Again accused Quiter Khan and the complainants filed application for compromise on 1-6-2013 submitted before the trial Court. The trial Court vide order dated 1-6-2013 rejected the application of the parties as the offence under Sections 467, 471 and 120-B is not compoundable. 17. I have gone through the applications and the compromise petitions filed by the parties from time to time and the orders passed by the trial Court and have also gone through the judgments of the Apex Court. As per the principles enunciated by the Apex Court in Gian Singh v. State of Punjab (2012) 10 SCC 303 : (2012 Cri LJ 4934) (Three Judge Bench) and the view taken by the Apex Court in Jayarajsinh Digvijaysinh Rana v. State of Gujarat (2012) 12 SCC 401 : (2012 Cri LJ 3900) (Two Judge Bench), which too relate to offences punishable under Sections 467, 468, 471, 420 and 120-B, I.P.C. and the Apex Court quash and set aside the FIR No. 45 of 2011 registered with Sanad Police Station, Ahmedabad for offences punishable under Sections 467, 468, 471, 420 and 120-B, I.P.C. insofar as the accused is concerned. Two Judge Bench decision Jayarajsingh Digvijaysingh Rana v. State of Gujarat (2012) 12 SCC 401 : (2012 Cri LJ 3900) which too relate to offences punishable under Sections 467, 468, 471, 420 and 120-B, I.P.C. has also been approved by the Apex Court in Gian Singh v. State of Punjab (2012) 10 SCC 303 : (2012 Cri LJ 4934) (Three Judge Bench).
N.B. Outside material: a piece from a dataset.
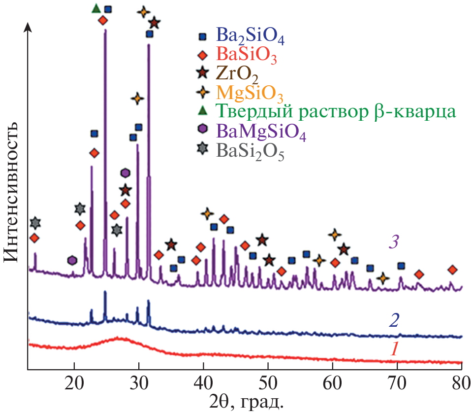 For the first time, an approach to designing the structure of Eu2+ containing silicate glass-ceramics materials has been experimentally implemented, which consists in the fact that rare earth activator is introduced into various crystals formed during glass crystallization. Transparent Eu-containing glass and glass ceramics based on the system BaO–ZrO2–SiO2–MgF2 were prepared by the traditional glass melting method at 1450°C. The crystal structure and properties of materials were characterized by XRD analysis and photoluminescence spectroscopy during different stages of glass crystallization. It is shown that the simultaneous incorporation of Eu into different silicate crystals (Ba2SiO4, BaMgSiO4, and BaSiO3) formed during the glass crystallization leads to the formation of a material with a wide luminescence band in the visible part of the spectrum. The study of photoluminescence and luminescence excitation spectra of the glass suggests the possibility of energy transfer from Eu2+ to Eu3+ ions. The structures of Eu2+ luminescent centers are similar in the glass and glass-ceramics that is related to some phase separation in the glass before crystallization. The study of luminescence properties of prepared materials showed that these materials can be promising for the application in LEDs techniques.

After going through the contents of the compromise and the amicable settlement of the parties, in my view the application and the compromise entered between the parties for quashing and setting aside the criminal proceedings deserve to be allowed as after the matter is compromised between the parties, the continuance of the criminal proceedings could turn out to be an exercise in futility without anything positive being ultimately achieved. 18. For the reasons mentioned above, the criminal proceedings pending against the accused petitioners for the offences under Sections 467, 468, 471 and 120-B, I.P.C. in criminal case No. 529/2010 pending before the Additional Chief Metropolitan Magistrate No. 9, Jaipur Metropolitan are quashed and set aside in view of the compromise filed by the complainants and the accused petitioners before the trial Court. Order accordingly.